Serge Thion (born 1942) is a French sociologist. A former researcher at the French National Center for Scientific Research, he was dismissed from his position there for Holocaust denial activities.
Thion worked as a researcher at the French National Centre for Scientific Research (CNRS) from 1971 to 2000. Most of his research there focused on Cambodia and Vietnam. Thion was the subject of some controversy when he wrote that "genocide" was, technically, not a proper description of what happened in Cambodia during the Khmer Rouge rule, because it was not a type (or an attempt) of killing based on purely ethnic grounds. According to Thion:
The reality is that genocide, massacres, wiping out entire peoples or cultures, and other inhuman atrocities, torture, massive corruption, and so on, are part and parcel of government policies, most usually applied to foreign countries. There is no other law than the law of the jungle. If we want to change this situation, we must reform our own laws first, strip the authorities of their political immunity, abolish the "Reason of State" and the system of official secrecy which covers up all these crimes. If we could reach a stage in which any official would be tried according to the same rules that apply to you and me, to any other ordinary human being, we would not need all these extraordinary concepts because common law is quite enough.

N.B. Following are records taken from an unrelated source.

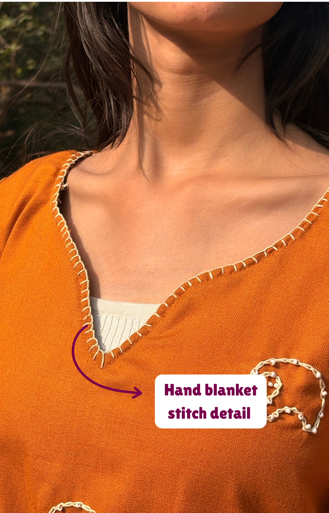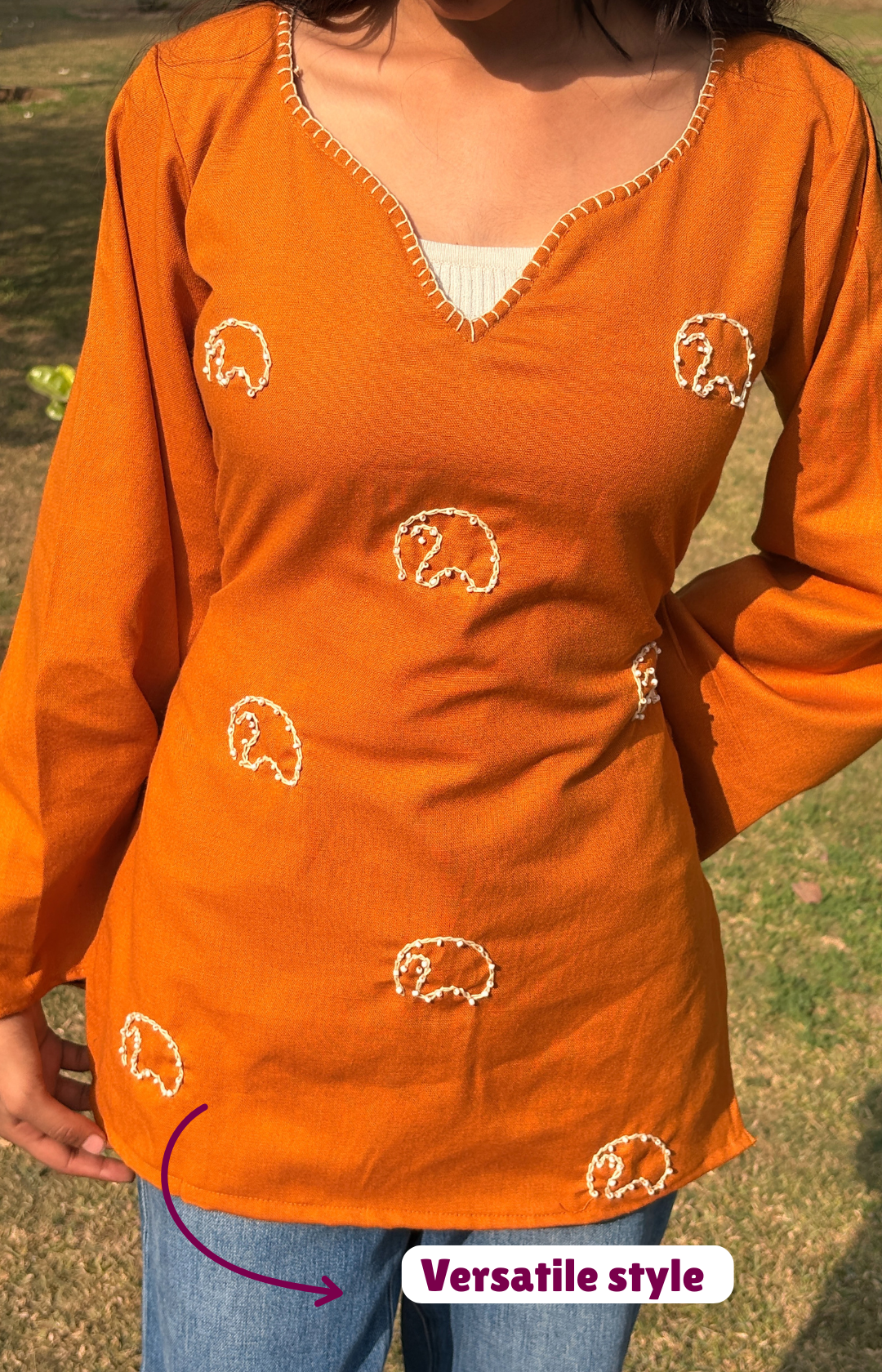 + Free ShippingThis winter ‘Zoya Kurti’ is a perfect option for you if you are looking for a perfect blend of comfort, simplicity, and handcrafted beauty. Made from lightweight and breathable fabric, this kurti is designed for all-day ease without compromising on style. The elegant V-neckline and wide bell sleeves add a graceful flow, while the delicate hand-embroidered motifs give it a unique artisanal touch.
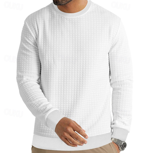 Gender:Men's,Style:Basic,Casual,Streetwear,Occasion:Sportswear,Going out,Daily,Sports & Outdoor,Holiday,Sports Clothing Sub Category:Waffle Sweatshirt,Sweatshirt,Tops Type:Pullover Sweatshirt,Basic Sweatshirts,Waffle Sweatshirts,Neckline:Crew Neck,Fabric:Polyester,Waffle Fabric,Design:Knit-texture,Ribbed,Textured,Sleeve Length:Long Sleeve,Elasticity:Micro-elastic,Look After Me:Wet and Dry Cleaning,Washable,Pattern:Plain,Season:Spring & Fall,
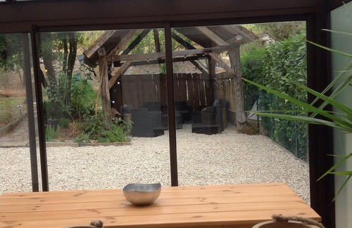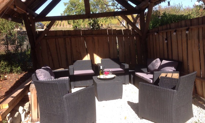 Garden (300m2) with view on the vineyard, summer living room covered with its plancha.
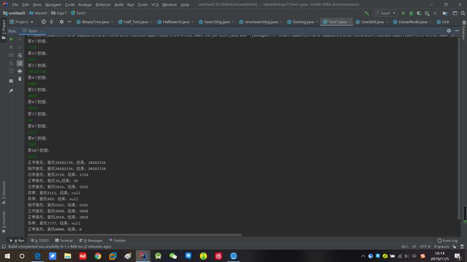 在实验的过程中,我没有用Test文件根,而是自己创建了Test文件,之后运行,得到10个测试用例。

I of course fully agree that Pol Pot should be prevented by any means from returning to power. I find it a bit paradoxical that so much blame was poured on the Vietnamese, who did just that, prevent Pol Pot from coming back, by people who did so much to promote the same Pol Pot and insisted he kept his seat in the United Nations. I am also fully in favour of a trial of Pol Pot and of his accomplices and his foreign associates, including American, Thai and Chinese officials who conspired to support him when he was in power and after his fall. I suggest the application of the ordinary Cambodian law for events which took place in Cambodia.
In 1993 Thion privately published Une Allumette sur la banquise (A Matchstick on an Ice Flow). The book criticized what he perceived as sensationalization of the Holocaust compared to other mass deaths since World War II. He also criticized the prosecution of Robert Faurisson for Holocaust denial, and cast doubt on the accuracy of Filip Müller's book Eyewitness Auschwitz. He met Noam Chomsky during the 1970s and presented his editor Pierre Guillaume for publication.